## Task requirements
The answer must be an exact transcription of the lines below from the first through the one containing "карманами в швах.", with the pictures left out; please add nothing else.

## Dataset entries
****
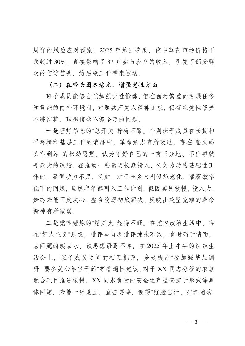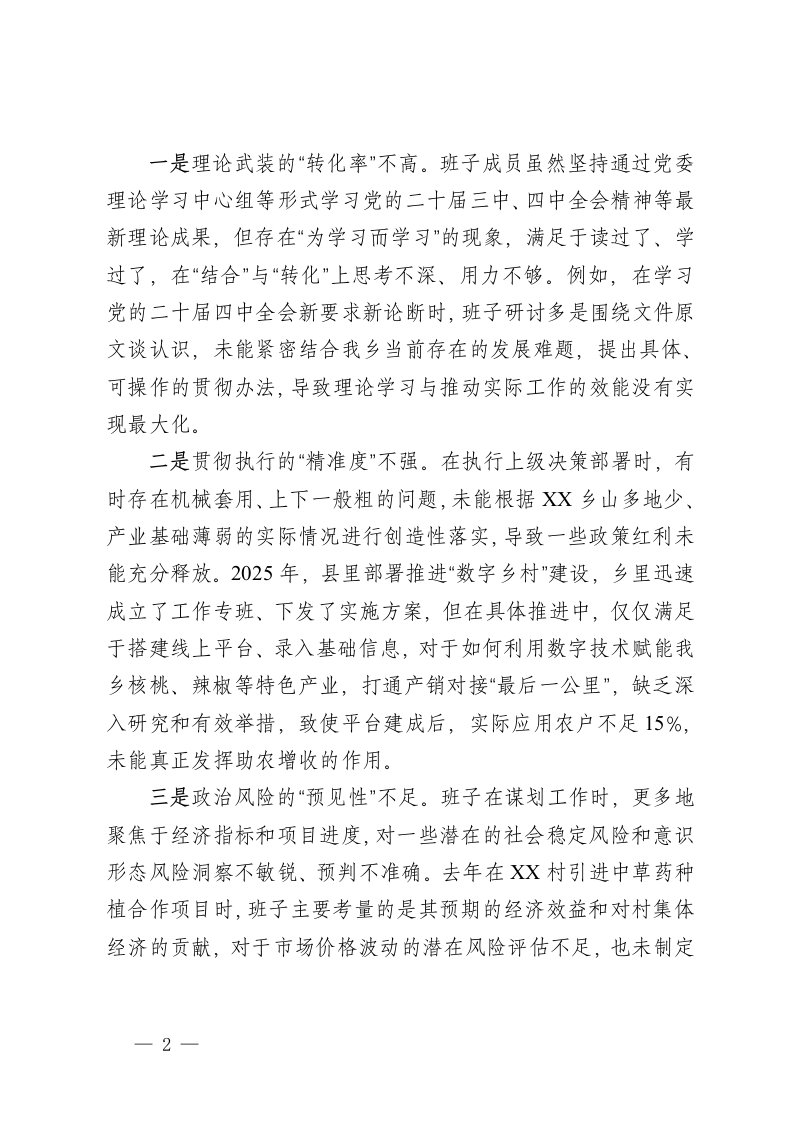 标题:乡镇领导班子2025年度民主生活会对照检查材料
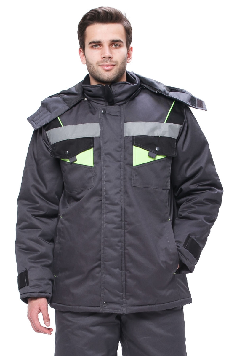 ➠ Куртка прямого силуэта, удлиненная, воротник стойка, капюшон, центральная застежка на молнию, ветрозащитный клапан, верхние фигурные карманы и нижние карманами в швах.
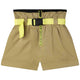 Shorts, polyester crepe ( short skirt length ), fancy waist with inserted elastic, tone on tone LOGO print.
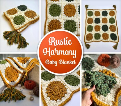 THE BLANKET SIZE: Rustic Harmony Chunky Baby Blanket. finished size: 44 x 44 inches or 112x112cm. PDF CROCHET PATTERN includes: - 13 page printable pdf - US terms - yarn amounts/quantities - yarn colours - stitch glossary - full colour chart of all squares and their positioning so you can make this EXACT colour copy! - full written instruction for the granny square used - full written instruction for joining - full written instruction for a border - full written instruction for tassels
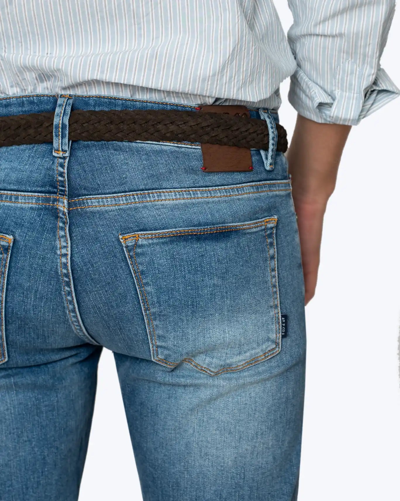 Presentan un corte regular slim fit. La pernera se va estrechando ligeramente hasta el tobillo para estilizar la pierna, pero sin quedar ajustado.
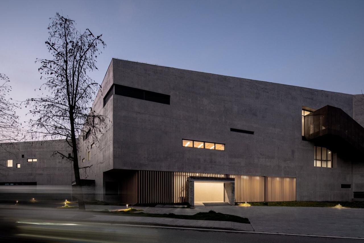 由于现浇混凝土将会导致建筑主体自重较重,对结构产生极大负担,进而影响到建筑的使用空间以及项目整体造价,因此我们放弃了现浇混凝土方案而改用装饰混凝土+加气混凝土砌块组成的外维护结构。加气混凝土砌块单位质量仅有现浇混凝土的1/4至1/5,减轻结构风险的同时有效控制结构造价。整体也能够实现混凝土朴素自然的质感和真实的粗犷特质。
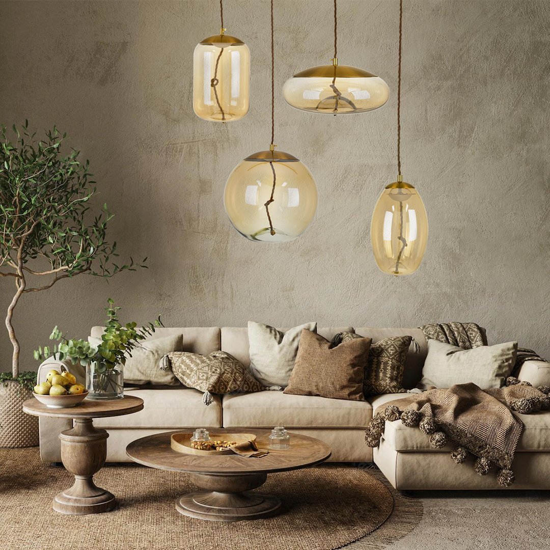 GLOBOSTAR® AXTON 00748 Μοντέρνο Κρεμαστό Φωτιστικό Οροφής LED 5W 500lm 180° AC 220-240V IP20 Θερμό Λευκό 2700K – Sanan SMD Chip – Χρυσό & Μελί – Μ30 x Π30 x Υ30cm – 2 Xρόνια Εγγύηση
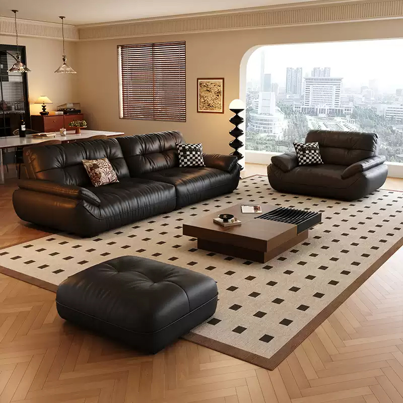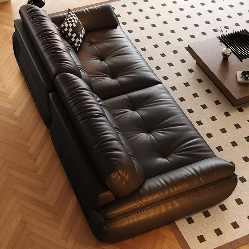 意式 极简轻奢简约现代客厅大小户型直排帆船云朵高档黑色真皮沙发
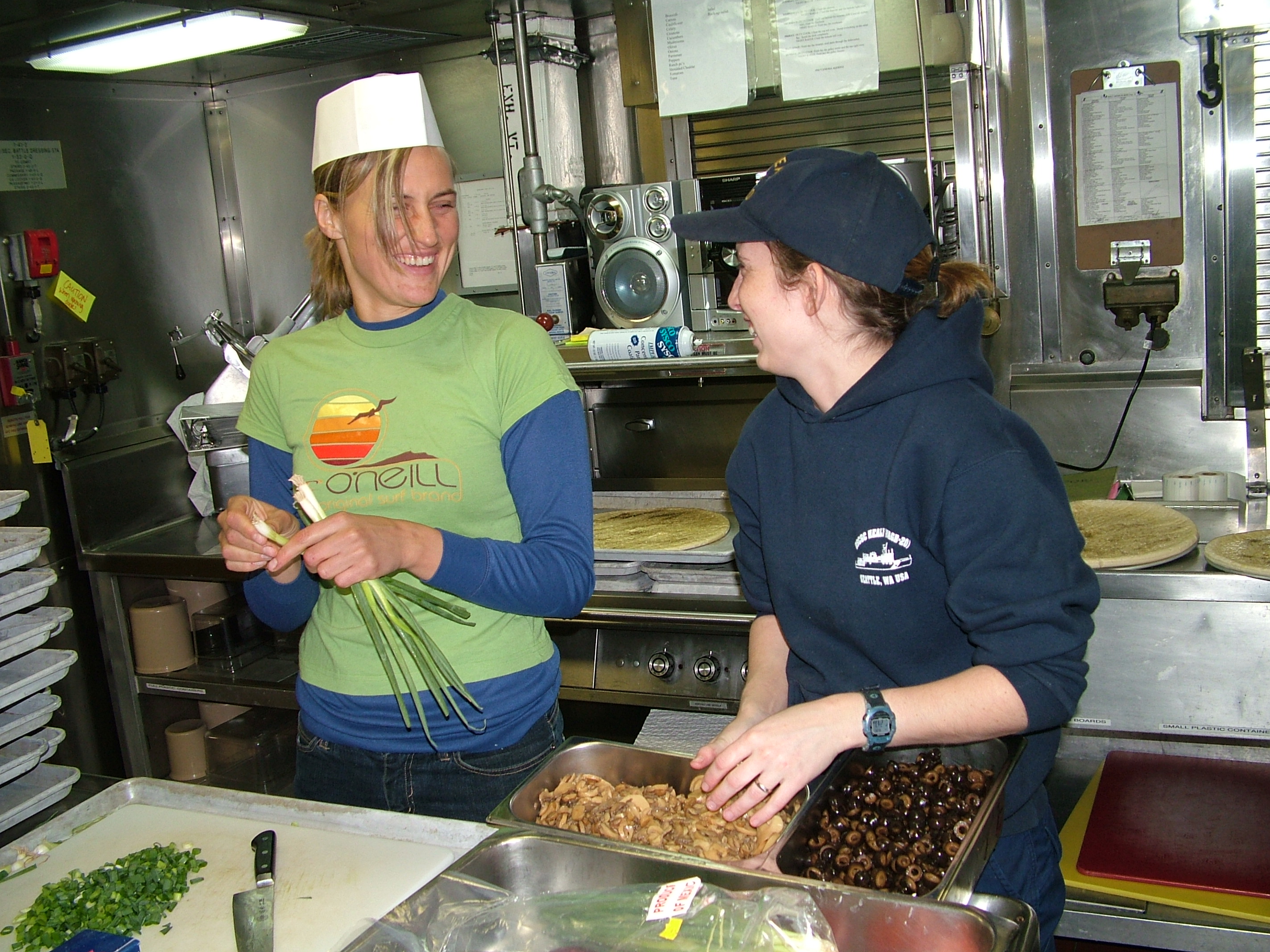 Christina (on L) the coast guard cook helps Vibeke Bruvoll find the right spices to seasons the pizzas during pizza night on the UCGCC Healy.
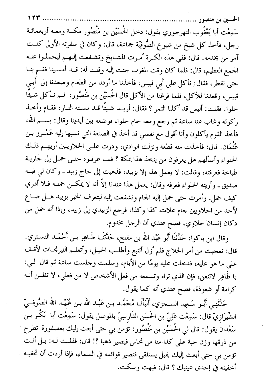 سمعت أبا يَعْقُوب النهرجوري يَقُولُ: دخل الْحُسَيْن بن منصور مكة ومعه أربعمائة رجل، فأخذ كل شيخ من شيوخ الصوفية جماعة، قَالَ: وكان فِي سفرته الأولى كنت آمر من يخدمه. قَالَ: ففي هذه الكرة أمرت المشايخ وتشفعت إليهم ليحملوا عنه الجمع العظيم، قَالَ: فلما كَانَ وقت المغرب جئت إليه وقلت لَهُ: قد أمسينا فقم بنا حتى نفطر، فَقَالَ: نأكل عَلَى أَبِي قبيس، فأخذنا ما أردنا من الطعام وصعدنا إِلَى أَبِي قبيس، وقعدنا للأكل، فلما فرغنا من الأكل قَالَ الْحُسَيْن بن مَنْصُور: لم نأكل شيئا حلوا. فقلت: أليس قد أكلنا التمر؟ فَقَالَ: أريد شيئا قد مسته النار، فقام وأخذ ركوته وغاب عنا ساعة ثم رجع ومعه جام حلواء فوضعه بين أيدينا وَقَالَ: بسم الله، فأخذ القوم يأكلون وأنا أقول مع نفسي قد أخذ فِي الصنعة التي نسبها إليه عمرو بن عُثْمَان. قَالَ: فأخذت منه قطعة ونزلت الوادي، ودرت عَلَى الحلاويين أريهم ذلك الحلواء وأسألهم هل يعرفون من يتخذ هذا بمكة؟ فما عرفوه حتى حمل إِلَى جارية طباخة فعرفته، وَقَالَتْ: لا يعمل هذا إِلا بزبيد، فذهبت إِلَى حاج زبيد- وكان لِي فيه صديق- وأريته الحلواء فعرفه وَقَالَ: يعمل هذا عندنا إِلا أَنَّهُ لا يمكن حمله فَلا أدري كيف حمل. وأمرت حتى حمل إليه الجام وتشفعت إليه ليتعرف الخبر بزبيد هل ضاع لأحد من الحلاويين جام علامته كذا وكذا، فرجع الزبيدي إِلَى زبيد، وإذا أَنَّهُ حمل من دكان إنسان حلاوي، فصح عندي أن الرجل مخدوم.
****
## Solution to the exercise
 标题:乡镇领导班子2025年度民主生活会对照检查材料
 ➠ Куртка прямого силуэта, удлиненная, воротник стойка, капюшон, центральная застежка на молнию, ветрозащитный клапан, верхние фигурные карманы и нижние карманами в швах.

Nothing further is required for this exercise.